▶ **Task item**
Leave out the pictures, then output the lines of the records below from the first through the one containing "Ahora la parte".

===== Data under study =====

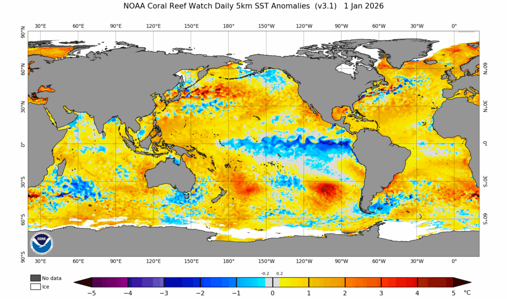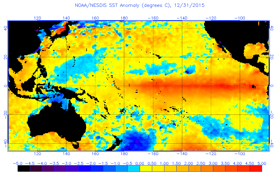 Látható a NOAA 2015. január 5-ei műholdfelvételén, hogy már melegebb volt az egyenlítő Csendes-óceán vízfelszíne, nemhogy La Nina legyen:
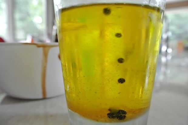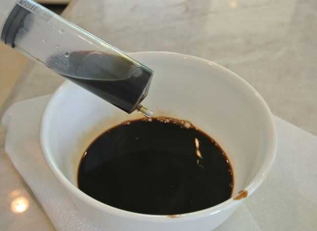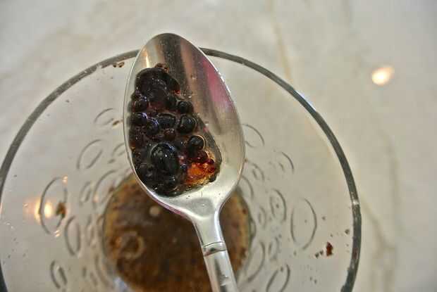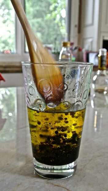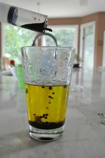 Ahora la parte cool: retirar el balsámico del fuego y sacar el aceite frío del congelador. Llene la jeringa con la mezcla de vinagre y apriete para rociar el vinagre en el aceite. Cuando el vinagre el aceite frío, las gotas se solidifican en pequeñas perlas. Algunos de ellos no podrían caer hasta el fondo inmediatamente, pero eso está bien. Revolver el aceite para que todos caigan al fondo y solidificar. Mantenga las perlas en el aceite hasta que esté listo para servirse
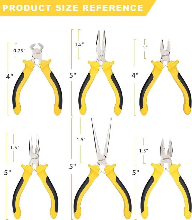 PIECE PLIERS SET: This precision pliers set includes 4-inch mini diagonal, 5-inch mini long nose, 4-inch mini end cutting, 6-Inch mini needle nose, 5-inch mini linesman and 5-inch mini bent nose. Great for fixing meticulous chores, doing precision works, repairing electronics projects.
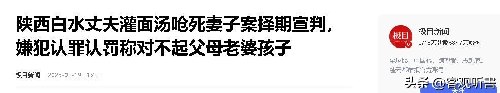 参考信源:极目新闻2025-02-19《陕西白水丈夫灌面汤呛死妻子案择期宣判,嫌犯认罪认罚称对不起父母老婆孩子》
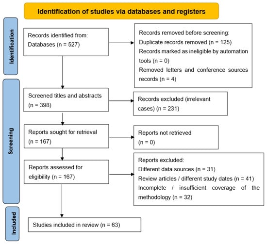 According to the study plan, 527 records were collected, as shown in Figure 1. Prior to performing screening, 125 duplicates and non-English papers, along with four letters and conference proceedings were excluded from the first list. The anthology of results was then reduced to 398. It should also be noted that this study focused on the research literature that were consistent with our methodology, study goals, and method of application. Additionally, papers that combined alternative methodologies with systemic models to improve their findings were considered. We excluded 167 studies after an examination of the remaining abstracts in terms of relevance. A more thorough analysis of the selected publications’ methods and results sections resulted in the elimination of a further 64 papers. Eventually, 63 papers were selected for conducting the analyses in the current study. The results of the search are depicted in the PRISMA flow diagram (Figure 5). Furthermore, as shown in Figure 6, the frequency of 63 systemic methods studies were presented. Accordingly, among 25 AcciMap studies, seven papers were published from the years 2003 to 2010 and 18 works were published from 2011 to 2021. This frequency for 16 STAMP studies in similar ranges was 1 and 16 with a higher frequency in 2018. For 22 FRAM studies, the frequency was 1 and 21, with a higher frequency in 2021. Overall, considering the trend of using these methods, the number of articles increased from 2016, which indicated their capability to understand the behaviors of complex sociotechnical systems.
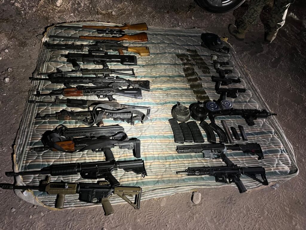 Como resultado de los trabajos coordinados de la Mesa Estatal de Seguridad, personal del Ejército Mexicano aseguró en el municipio de Navojoa un vehículo con reporte de robo vigente en los Estados Unidos, así como un importante arsenal de armas de alto poder.
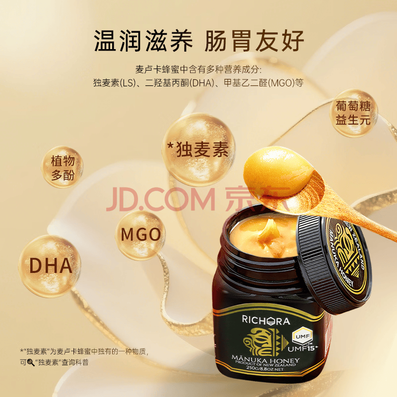 商品名称:瑞琪奥兰(RICHORA)新西兰麦卢卡蜂蜜UMF15+250g 纯正天然滋补品 送长辈父母节日礼物

=====

▶ **Result of the task**
 Látható a NOAA 2015. január 5-ei műholdfelvételén, hogy már melegebb volt az egyenlítő Csendes-óceán vízfelszíne, nemhogy La Nina legyen:
 Ahora la parte cool: retirar el balsámico del fuego y sacar el aceite frío del congelador. Llene la jeringa con la mezcla de vinagre y apriete para rociar el vinagre en el aceite. Cuando el vinagre el aceite frío, las gotas se solidifican en pequeñas perlas. Algunos de ellos no podrían caer hasta el fondo inmediatamente, pero eso está bien. Revolver el aceite para que todos caigan al fondo y solidificar. Mantenga las perlas en el aceite hasta que esté listo para servirse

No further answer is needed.